An Israel-Hamas truce in the Gaza Strip stretched into a fifth day on Tuesday as the two sides completed the release of Israeli hostages and detained Palestinians and looked poised to free more as the pause in fighting was extended by two days.

Hamas took about 240 hostages during an Oct. 7 incursion into southern Israel that killed 1,200 people, according to Israeli figures, prompting Israel to retaliate by bombing the coastal enclave and launching a ground offensive in its north, Reuters reported.

Israel said 11 Israelis had returned to the country from the Gaza Strip on Monday, bringing to 69 the total of Israeli and foreign hostages the Palestinian group has freed since Friday under the truce.

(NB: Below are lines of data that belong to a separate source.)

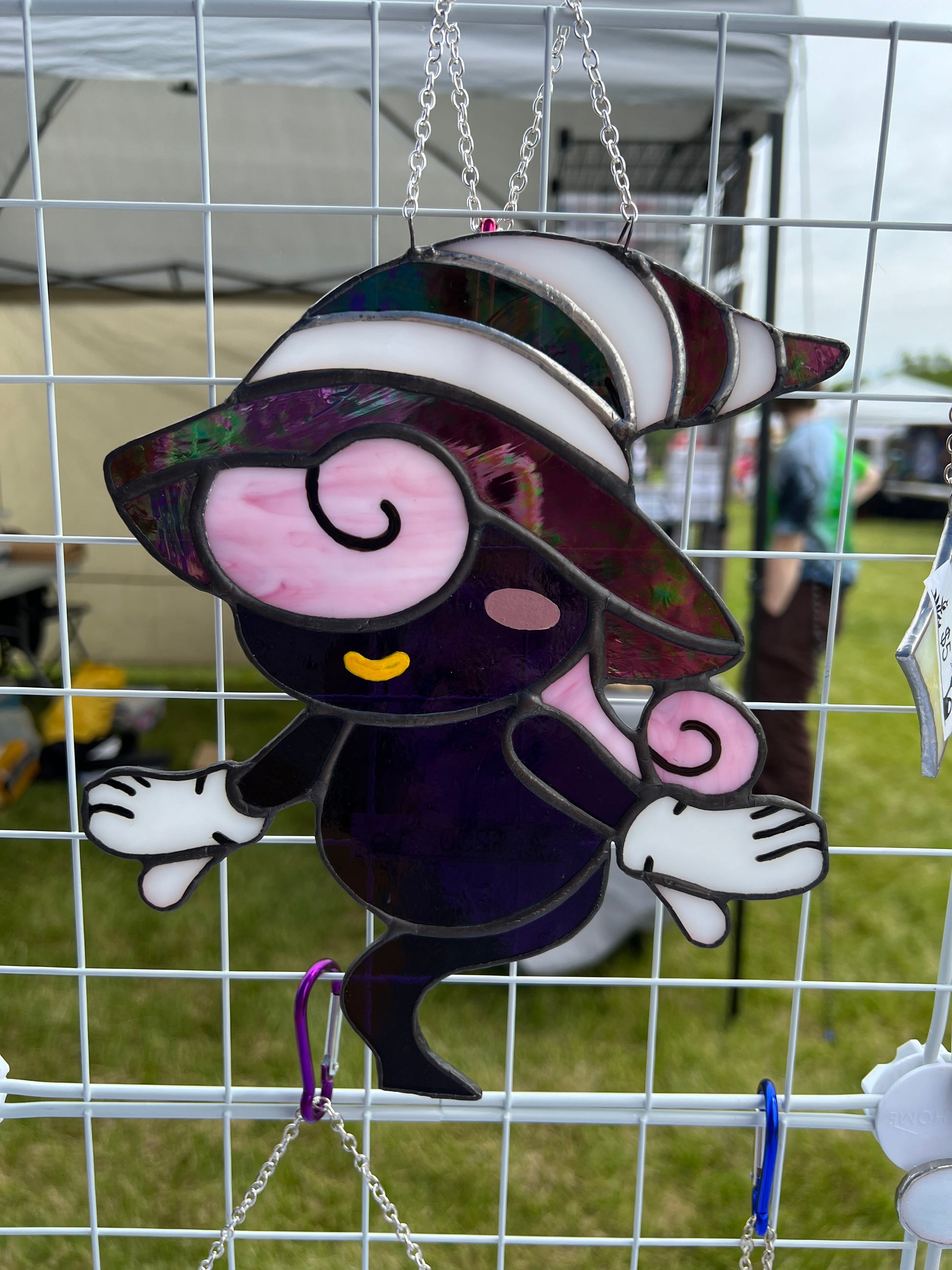 stained glass, black patina, 60/40 solder, pebeo glass paints, chain, copper foil.
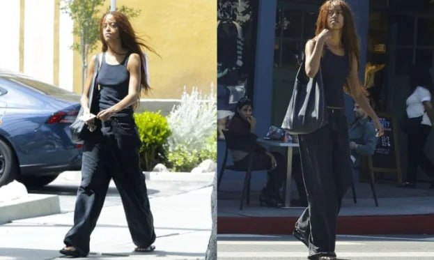 O, bu dəfə qara qolsuz köynək, enli şalvar və başmaqdan ibarət rahat obraz seçib. Onun görünüşü qəsdən sadə və sərbəst təsir bağışlayıb. Bu tərz Maliya Obamanın artıq tanınan bohem üslubuna uyğun olub.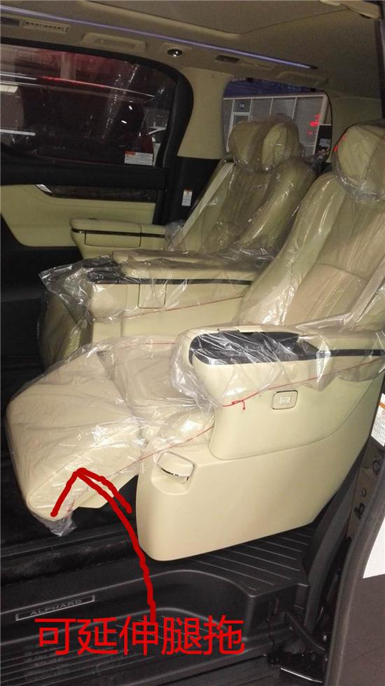 埃尔法的重点就在于它的第二排,堪比飞机头等舱的座椅享受,让你忘掉驾驶的乐趣,尊贵版的座椅比豪华版的更宽大,并且有独立的手枕操控区,更是配有杯架,小桌板,而且腿拖还可以加长(豪华版也有腿拖,但是不能延伸加长)。话不多说,直接上图:
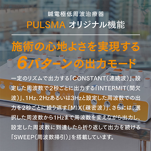 周波数:CONSTANT(連続波) 0.1-100Hz/INTERMIT(間欠波) 3-100Hz/MIX(疎密波) 10-100Hz /SWEEP(周波数掃引) 1-100Hz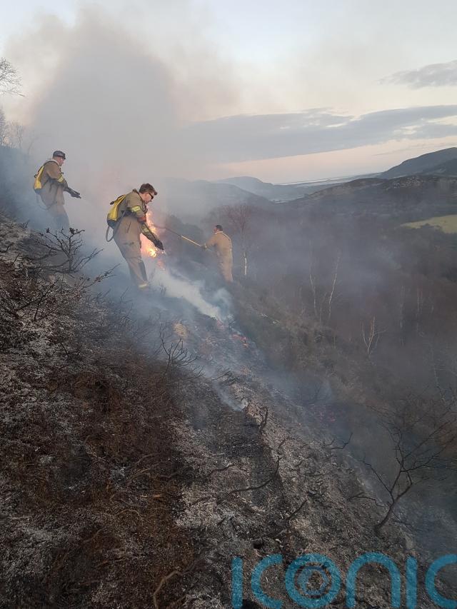 Pictures show firefighters on a steep hillside extinguishing the blaze.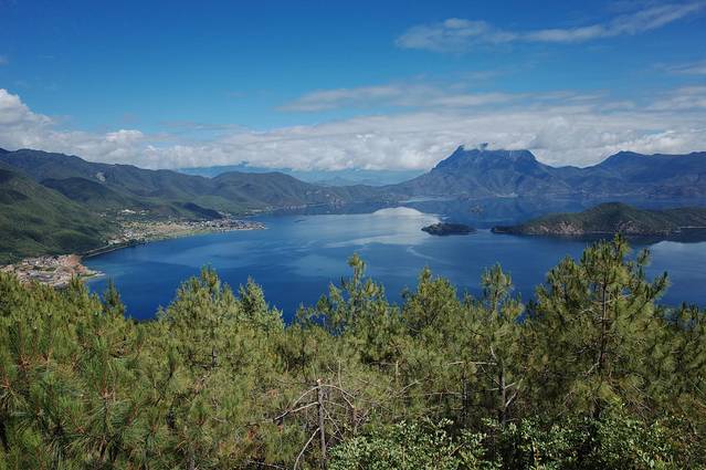 都是从高处观赏泸沽湖,相对可以看到全貌,但我觉得泸沽湖远观不如近赏,下面三个近景更加推荐。

The White House and Qatari negotiators said on Monday the original four day pause in fighting, due to expire at 0500 GMT on Tuesday, had been extended for two more days.

Israel has not commented on any agreement to extend the truce but, in what may be an implicit confirmation, the Israeli prime minister’s office said the government approved the addition of 50 female prisoners to its list of Palestinians for potential release if additional Israeli hostages are freed.

Hamas said it had sought to revise terms under which it would free hostages beyond the women and children it has already released.

“We hope the Occupation (Israel) abides (by the agreement) in the next two days because we are seeking a new agreement, besides women and children, whereby other categories that we have that we can swap,” Hamas official Khalil Al-Hayya told Al Jazeera late on Monday.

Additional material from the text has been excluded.